Using the example "to obtain similar to or similarly to," the latter sounds very strange even though similarly is definitely being used as an adverb. The sentence: "The fragments were obtained similar to / similarly to the sticks." This would be much less wordy than "The fragments were obtained using a procedure similar to that used to obtain the sticks," (or: with the same procedure as that used to obtain - still wordy), but which is correct, "x" was obtained similar to or similarly to "y"?


To this point, the original poster and a commenter have suggested three options for expressing the intended idea:

  1. The fragments were obtained similar to the sticks.

  2. The fragments were obtained similarly to the sticks.

  3. The fragments were obtained in a way similar to the sticks.

To my mind, none of these options is entirely satisfactory. As the poster notes, the similarity under consideration isn't between the fragments and the sticks, but between the procedure for obtaining the fragments and the procedure for obtaining the sticks. This is particularly problematic for option 1, which doesn't explicitly mention procedures (or methods or processes or ways) at all and which introduces the comparison by means of "similar to" (rather than "similarly to")—a phrase that normally introduces comparisons of nouns rather than of verbs. Presented with the sentence in option 1, I would wonder whether the intended meaning involved a similarity between processes of acquisition (the procedure for obtaining the fragments and the procedure for obtaining the sticks) or a similarity between the things ultimately obtained (the fragments and the sticks). Either way, the wording does not clearly express the underlying idea.
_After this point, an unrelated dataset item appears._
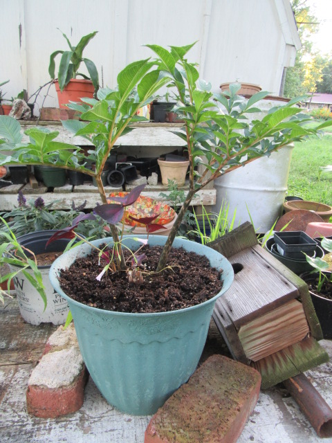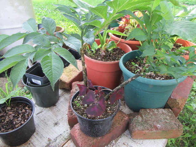 I put the bigger clump of Oxalis rhizomes in the original pot with several smaller pieces around it. I put a few in each of the bigger pots of Amorphophallus just because they really do look good together. Even though the Oxalis will need watering sooner than the Amorphophallus, there is such a difference in their depths it will be OK. I just don’t want to soak the pot… Mrs. Wagler said she needed more Voodoo plants, so she will get the smaller pots once the plants start growing.

Although option 3 has the advantage of explicitly indicating (via the phrase "in a way") that a procedure is of interest, it still has the problem that it literally compares the way that the fragments were obtained with the sticks themselves (not with the way the sticks were obtained). Therefore, the comparison, as expressed, is not in parallel. To make it whole, the reader must supply the missing part of the comparison (the procedure by which the sticks were obtained). The problem is somewhat similar to comparing "apples to picking oranges," except that here the form is closer to comparing "picking apples to oranges." With a bit of effort, the reader can fill out the parallel structure that option 3 implies:

The fragments were obtained in a way similar to the way in which the sticks were obtained.

But it seems to me that the writer in this case is expecting the reader to do an awful lot of grunt work to reach the intended meaning.

I skipped over option 2 earlier because it has a different problem from options 1 and 3. Syntactically, the construction "The fragments were obtained similarly to the sticks" is correct; but it sounds unnatural, perhaps because people are much more accustomed to making and hearing noun-to-noun comparisons than verb-to-implied-verb comparisons. As a result, filling in the blanks in this shortened form is trickier than you might suppose from looking at it. The simplest long form that I could construct from the skeleton of option 3 is

The fragments were obtained similarly to how the sticks were obtained.

The simplest way to express the idea underlying the sentence might be this:

The fragments and the sticks were obtained similarly.

But that wording may not be an option if you've already described the method by which the sticks were obtained and now you want to turn your attention to the question of how the fragments were obtained. In that case, I would be inclined to return to a truly parallel noun-to-noun comparison and accept that the result will be a bit long-winded:

The process for obtaining the fragments resembled [or 'was much like'] the process for obtaining the sticks.